> Instructions to follow: An exact transcription of all the data is the expected reply.

> Material provided:

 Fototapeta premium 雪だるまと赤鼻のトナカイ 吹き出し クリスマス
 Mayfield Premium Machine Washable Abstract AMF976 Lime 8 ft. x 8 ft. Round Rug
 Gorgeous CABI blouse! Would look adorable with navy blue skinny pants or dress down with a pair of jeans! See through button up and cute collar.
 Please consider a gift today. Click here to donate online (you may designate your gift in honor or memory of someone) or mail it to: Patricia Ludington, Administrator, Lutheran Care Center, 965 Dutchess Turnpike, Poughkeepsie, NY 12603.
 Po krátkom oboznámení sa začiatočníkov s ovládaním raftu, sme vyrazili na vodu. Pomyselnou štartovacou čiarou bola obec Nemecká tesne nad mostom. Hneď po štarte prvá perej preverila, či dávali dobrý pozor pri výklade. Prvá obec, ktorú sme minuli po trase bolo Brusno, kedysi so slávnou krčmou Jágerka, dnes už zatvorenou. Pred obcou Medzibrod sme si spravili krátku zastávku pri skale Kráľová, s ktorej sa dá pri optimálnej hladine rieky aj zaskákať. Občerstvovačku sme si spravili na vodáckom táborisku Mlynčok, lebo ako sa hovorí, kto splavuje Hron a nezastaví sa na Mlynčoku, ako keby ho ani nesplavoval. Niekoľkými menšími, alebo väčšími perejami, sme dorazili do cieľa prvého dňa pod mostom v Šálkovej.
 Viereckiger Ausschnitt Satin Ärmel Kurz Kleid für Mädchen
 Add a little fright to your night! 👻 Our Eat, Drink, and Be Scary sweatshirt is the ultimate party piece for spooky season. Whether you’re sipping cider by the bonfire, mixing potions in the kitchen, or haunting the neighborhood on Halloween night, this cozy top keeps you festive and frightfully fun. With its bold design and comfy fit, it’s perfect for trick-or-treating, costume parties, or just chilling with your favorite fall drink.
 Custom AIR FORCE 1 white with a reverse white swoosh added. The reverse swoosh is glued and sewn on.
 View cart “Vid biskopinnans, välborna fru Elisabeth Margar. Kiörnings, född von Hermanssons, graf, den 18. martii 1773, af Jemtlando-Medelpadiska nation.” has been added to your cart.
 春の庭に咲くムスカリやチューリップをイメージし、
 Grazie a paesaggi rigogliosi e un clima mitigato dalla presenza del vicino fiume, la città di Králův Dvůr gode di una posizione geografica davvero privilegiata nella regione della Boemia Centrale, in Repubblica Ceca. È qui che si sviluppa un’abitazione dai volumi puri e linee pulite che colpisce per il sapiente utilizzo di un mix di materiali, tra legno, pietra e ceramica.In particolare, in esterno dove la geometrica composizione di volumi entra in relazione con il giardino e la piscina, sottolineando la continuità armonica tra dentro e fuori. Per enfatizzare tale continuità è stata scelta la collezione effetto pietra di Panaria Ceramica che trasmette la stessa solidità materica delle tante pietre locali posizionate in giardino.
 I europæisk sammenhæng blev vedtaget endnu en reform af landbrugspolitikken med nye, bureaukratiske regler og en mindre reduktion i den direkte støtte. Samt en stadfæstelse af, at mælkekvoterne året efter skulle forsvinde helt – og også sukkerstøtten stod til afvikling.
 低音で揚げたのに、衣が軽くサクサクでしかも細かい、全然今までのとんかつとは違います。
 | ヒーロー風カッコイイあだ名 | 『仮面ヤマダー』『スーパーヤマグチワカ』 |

> Written answer:
 Fototapeta premium 雪だるまと赤鼻のトナカイ 吹き出し クリスマス
 Mayfield Premium Machine Washable Abstract AMF976 Lime 8 ft. x 8 ft. Round Rug
 Gorgeous CABI blouse! Would look adorable with navy blue skinny pants or dress down with a pair of jeans! See through button up and cute collar.
 Please consider a gift today. Click here to donate online (you may designate your gift in honor or memory of someone) or mail it to: Patricia Ludington, Administrator, Lutheran Care Center, 965 Dutchess Turnpike, Poughkeepsie, NY 12603.
 Po krátkom oboznámení sa začiatočníkov s ovládaním raftu, sme vyrazili na vodu. Pomyselnou štartovacou čiarou bola obec Nemecká tesne nad mostom. Hneď po štarte prvá perej preverila, či dávali dobrý pozor pri výklade. Prvá obec, ktorú sme minuli po trase bolo Brusno, kedysi so slávnou krčmou Jágerka, dnes už zatvorenou. Pred obcou Medzibrod sme si spravili krátku zastávku pri skale Kráľová, s ktorej sa dá pri optimálnej hladine rieky aj zaskákať. Občerstvovačku sme si spravili na vodáckom táborisku Mlynčok, lebo ako sa hovorí, kto splavuje Hron a nezastaví sa na Mlynčoku, ako keby ho ani nesplavoval. Niekoľkými menšími, alebo väčšími perejami, sme dorazili do cieľa prvého dňa pod mostom v Šálkovej.
 Viereckiger Ausschnitt Satin Ärmel Kurz Kleid für Mädchen
 Add a little fright to your night! 👻 Our Eat, Drink, and Be Scary sweatshirt is the ultimate party piece for spooky season. Whether you’re sipping cider by the bonfire, mixing potions in the kitchen, or haunting the neighborhood on Halloween night, this cozy top keeps you festive and frightfully fun. With its bold design and comfy fit, it’s perfect for trick-or-treating, costume parties, or just chilling with your favorite fall drink.
 Custom AIR FORCE 1 white with a reverse white swoosh added. The reverse swoosh is glued and sewn on.
 View cart “Vid biskopinnans, välborna fru Elisabeth Margar. Kiörnings, född von Hermanssons, graf, den 18. martii 1773, af Jemtlando-Medelpadiska nation.” has been added to your cart.
 春の庭に咲くムスカリやチューリップをイメージし、
 Grazie a paesaggi rigogliosi e un clima mitigato dalla presenza del vicino fiume, la città di Králův Dvůr gode di una posizione geografica davvero privilegiata nella regione della Boemia Centrale, in Repubblica Ceca. È qui che si sviluppa un’abitazione dai volumi puri e linee pulite che colpisce per il sapiente utilizzo di un mix di materiali, tra legno, pietra e ceramica.In particolare, in esterno dove la geometrica composizione di volumi entra in relazione con il giardino e la piscina, sottolineando la continuità armonica tra dentro e fuori. Per enfatizzare tale continuità è stata scelta la collezione effetto pietra di Panaria Ceramica che trasmette la stessa solidità materica delle tante pietre locali posizionate in giardino.
 I europæisk sammenhæng blev vedtaget endnu en reform af landbrugspolitikken med nye, bureaukratiske regler og en mindre reduktion i den direkte støtte. Samt en stadfæstelse af, at mælkekvoterne året efter skulle forsvinde helt – og også sukkerstøtten stod til afvikling.
 低音で揚げたのに、衣が軽くサクサクでしかも細かい、全然今までのとんかつとは違います。
 | ヒーロー風カッコイイあだ名 | 『仮面ヤマダー』『スーパーヤマグチワカ』 |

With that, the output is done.